The internal nitrogen partial pressure calculating means 64 is controlled by the half-saturation time selecting means 67 as follows.
= Tissue nitrogen partial pressure PGT at the time of _{t E (t E)} is calculated.

[0044]

(Equation 3)

[0045]

(Equation 4)

In the above two equations, k is a constant, T _H2 <T _H1
Is calculated.

It should be noted that PGT (t ₀ ) = PIN ₂ (t
₀ ), the half-saturation time _TH = ( _TH2 + _TH1 )
It is preferable to calculate as / 2. Further, these times (measurement for t ₀ and t _E ) are managed by the timer means 68 of FIG.

Here, PGT (t ₀ )> PIN
_{When 2} (t ₀ ), nitrogen is excreted from the body, and when PGT (t ₀ ) <PIN ₂ (t ₀ ), nitrogen is absorbed into the body. Changing the half-saturation time at these times means that when nitrogen is discharged, the half-saturation time is long and it takes time to discharge, and conversely, when nitrogen is absorbed, the half-saturation time is It is short and the time required for absorption is short compared to the time required for discharge. In this way, the simulation of the amount of nitrogen in the body can be performed more strictly. Therefore, if an allowable value of the internal nitrogen partial pressure is set, the time required to reach this allowable value at a certain water depth (water pressure) (no decompression diving time / safety information) and the internal nitrogen partial pressure on the water surface The time until the value decreases to the equilibrium value (internal nitrogen excretion time / safety information) can be determined with high accuracy. In this manner, the diver's information processing apparatus 1 of the present embodiment includes the dive available time deriving means 92 and the in vivo nitrogen exhausting time deriving means 91 which derive the non-decompression diving available time and the internal nitrogen exhausting time as diver safety information. Have been.

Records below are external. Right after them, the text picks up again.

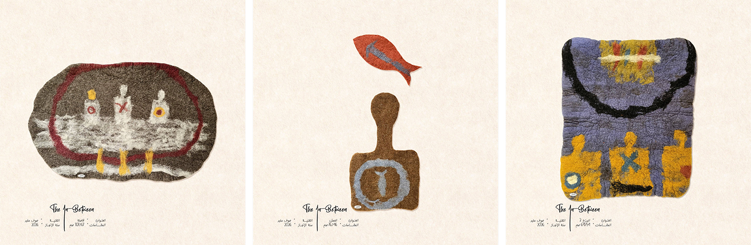 يرتبط هذا النظام الدلالي المتحرّك ارتباطا فنيا بطبيعة المادة نفسها. حيث إن الصوف، بوصفه خامة ليفية عضوية، يفرض منطقا بصريا قائما على التداخل، والامتصاص، والتدرّج، مما يجعل العلامة جزءا من النسيج بدل أن تكون مضافة إليه. فهي تتكوّن داخل السطح/المادة ولا تُرسَم فوقه، وهو ما يمنحها وضعا أنطولوجيا خاصا بوصفها أثرا ماديا قبل أن تكون دلالة بصرية. يعيد هذا التداخل بين العلامة والمادة التفكير في مفهوم الصورة داخل الفن المعاصر، حيث تتراجع مركزية الخط لصالح الكثافة والملمس.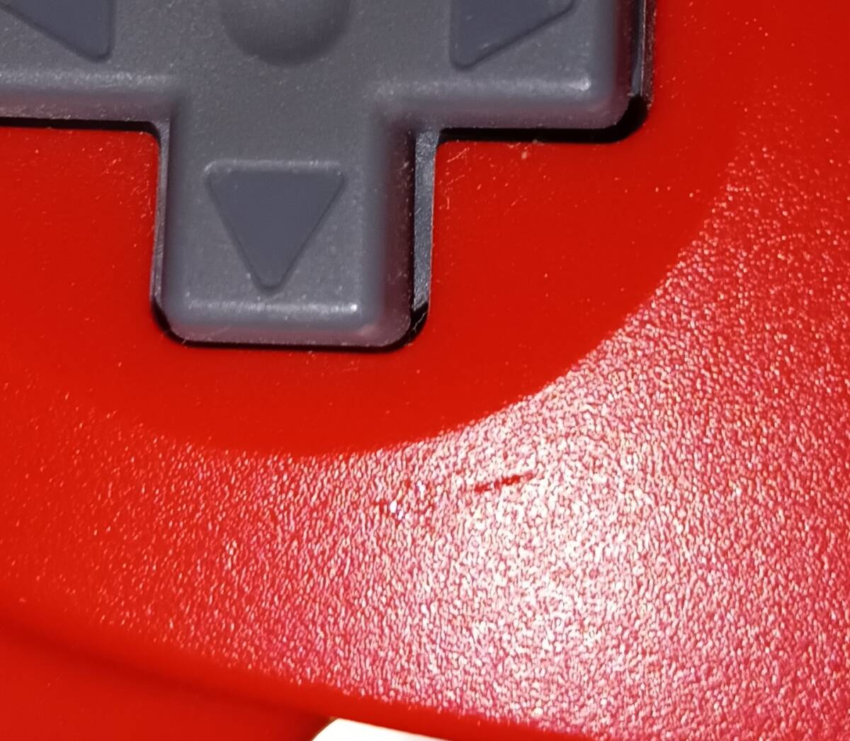「Nintendo」ロゴの左に点ほどの、十字キーの下辺りに6mmほどの傷があり、左グリップにやや大きな白い擦り傷?があります。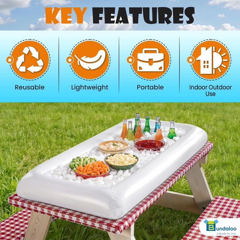 Chill your food and drinks with ease at every event! The Bundaloo Inflatable Salad Bar Buffet is the ultimate portable cooling tray for parties, BBQs, and gatherings of all kinds. Whether you're hosting indoors or out, this extra-large 51-inch serving bar is the convenient, reusable solution for keeping items fresh, cold, and ready to serve.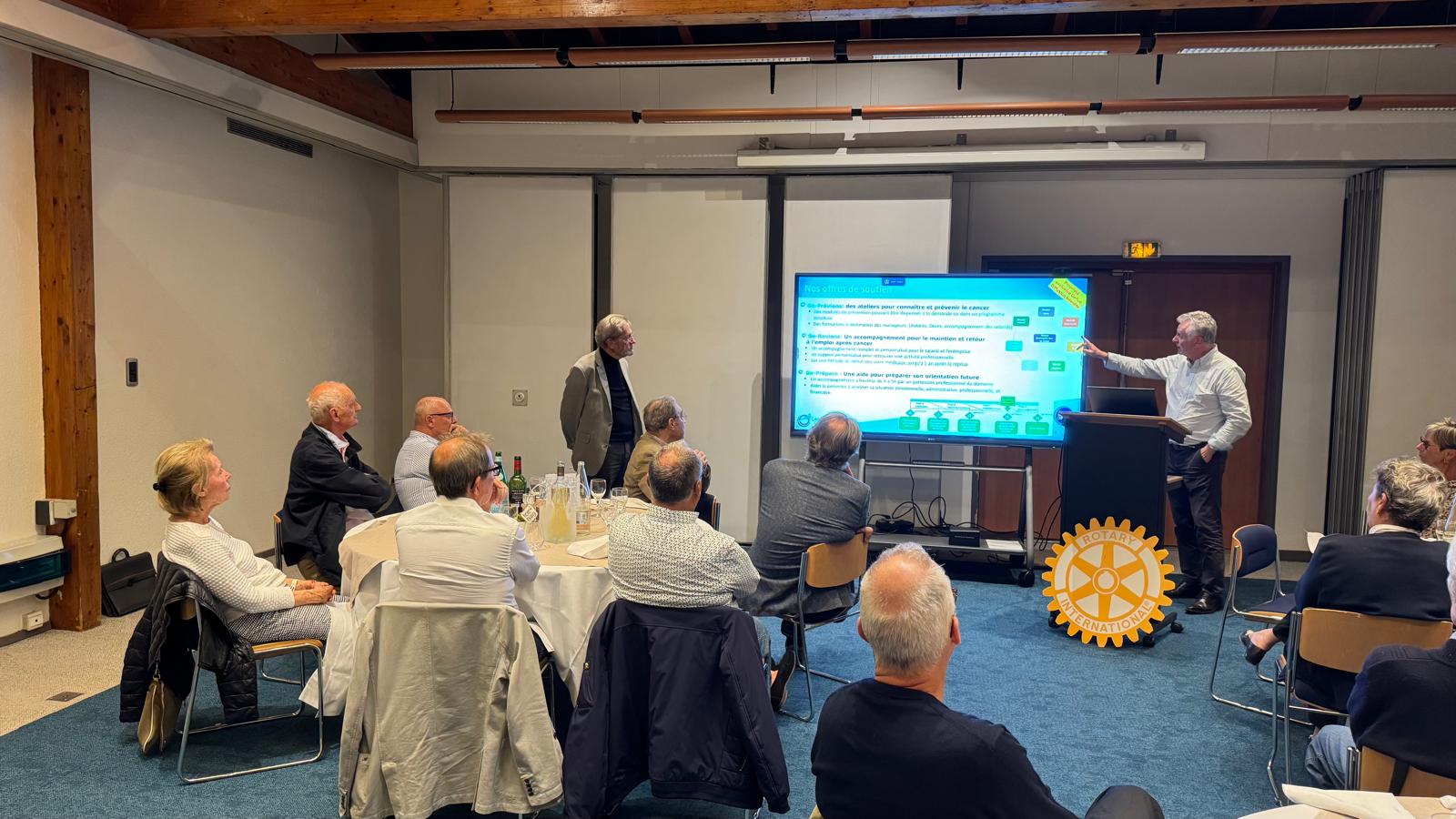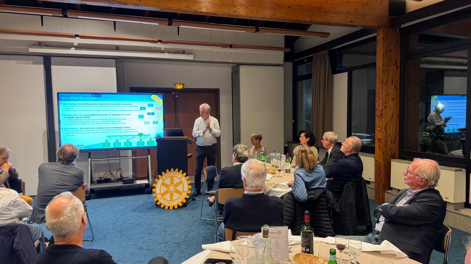 Notre club a accueilli Mr Jean-Pierre GILLET, membre du CA du GEFLUC, association qui accompagne la recherche et les entreprises dans la lutte contre le cancer, notamment par des actions de prévention ainsi que d'aide au maintien ou au retour dans l'emploi des salariés atteints par cette maladie.

[Configuration for Determining Start / End of Diving] The diver's information processing apparatus 1 measures the depth of water, the temperature of water, the measurement of diving time, the amount of nitrogen accumulated in the body during diving. Measurement of the accumulation amount, measurement of the diver's flying speed, and the like are performed, and display and warning are performed based on the measurement results. At the end of the dive, diving information such as these measurement results and the presence or absence of a warning is recorded as log data, and is reproduced in a log mode described later. The recording operation of the diving information is performed by the time measuring means 68 and the water depth measuring means 6 shown in FIG.
1. This is performed by using a part of the functions of the water entry monitoring switch 30 and the control unit 50 (the functions of the CPU 51, the ROM 53, the RAM 54, etc.).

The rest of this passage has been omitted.